** What the task requires **
Only an exact repeat of the listing, without its images, counts as the answer.

** Source material **
========

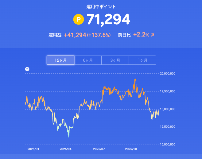 【2025/12】ポイントビットコインby楽天PointClubの運用実績
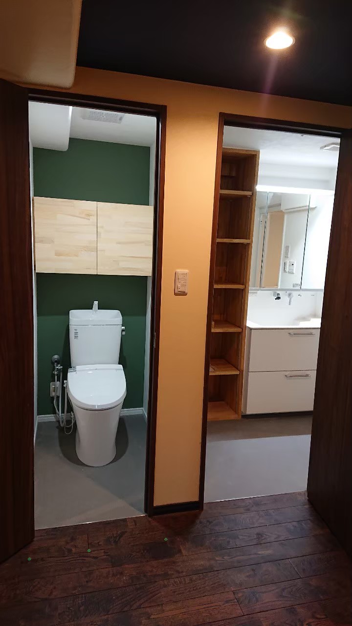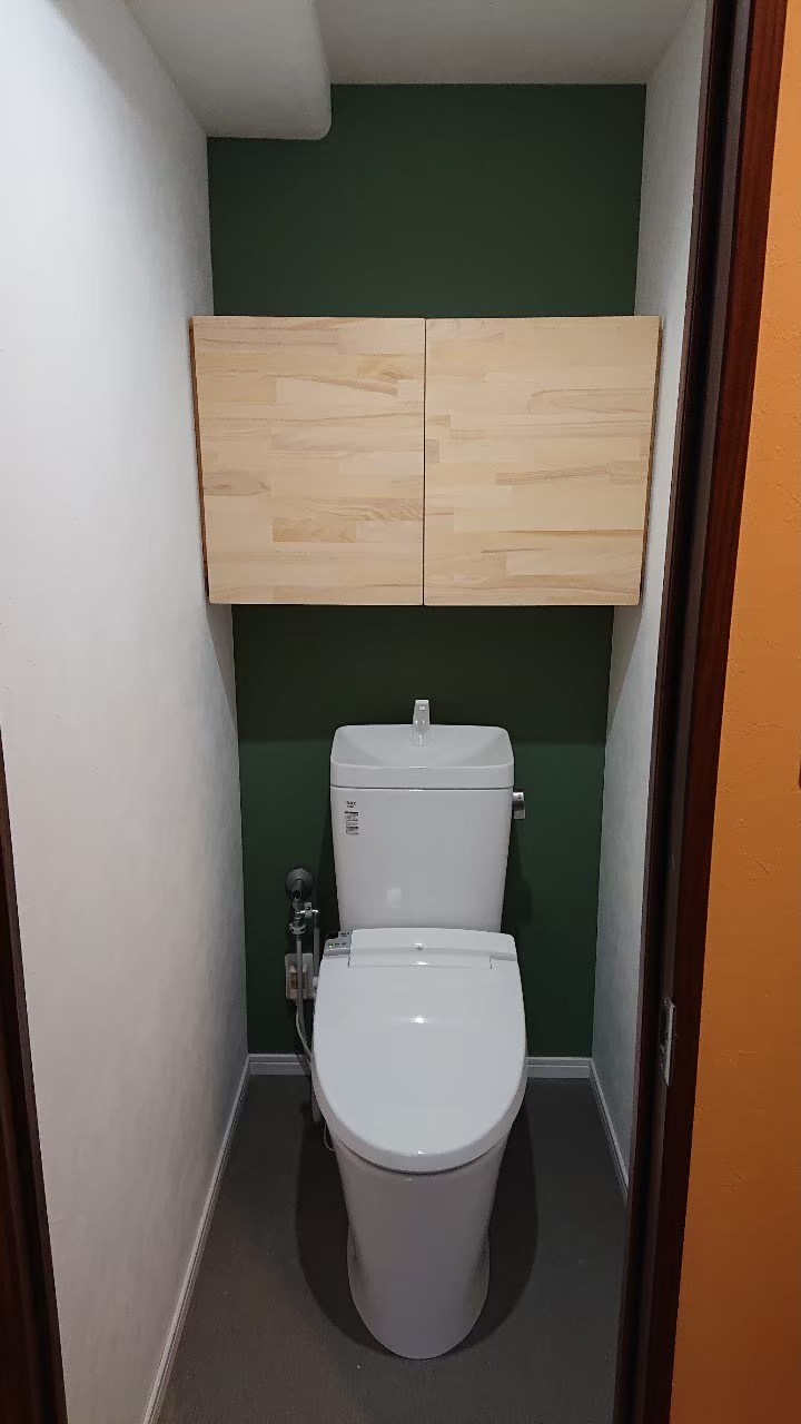 トイレにはアクセントクロス。グリーンの壁で空間をグッと印象的に。
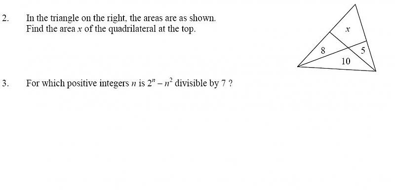 别气馁! 我家孩子也没做出来。不过他的cousin 13 岁把这题做出来了。 我没做出来:blowzy::blowzy:。我家领导用高深的数学公式得出了答案。 昨天,好几个朋友都把solution post 出来了。等高的三角形面积和底是成比例的。 黑向日葵 说: 给孩子看了看考题,孩子很干脆说考不了,孩子自己说只能应付学校考试,我是自做多情了:blowzy: 点击展开...

========

** Response **
 【2025/12】ポイントビットコインby楽天PointClubの運用実績
 トイレにはアクセントクロス。グリーンの壁で空間をグッと印象的に。
 别气馁! 我家孩子也没做出来。不过他的cousin 13 岁把这题做出来了。 我没做出来:blowzy::blowzy:。我家领导用高深的数学公式得出了答案。 昨天,好几个朋友都把solution post 出来了。等高的三角形面积和底是成比例的。 黑向日葵 说: 给孩子看了看考题,孩子很干脆说考不了,孩子自己说只能应付学校考试,我是自做多情了:blowzy: 点击展开...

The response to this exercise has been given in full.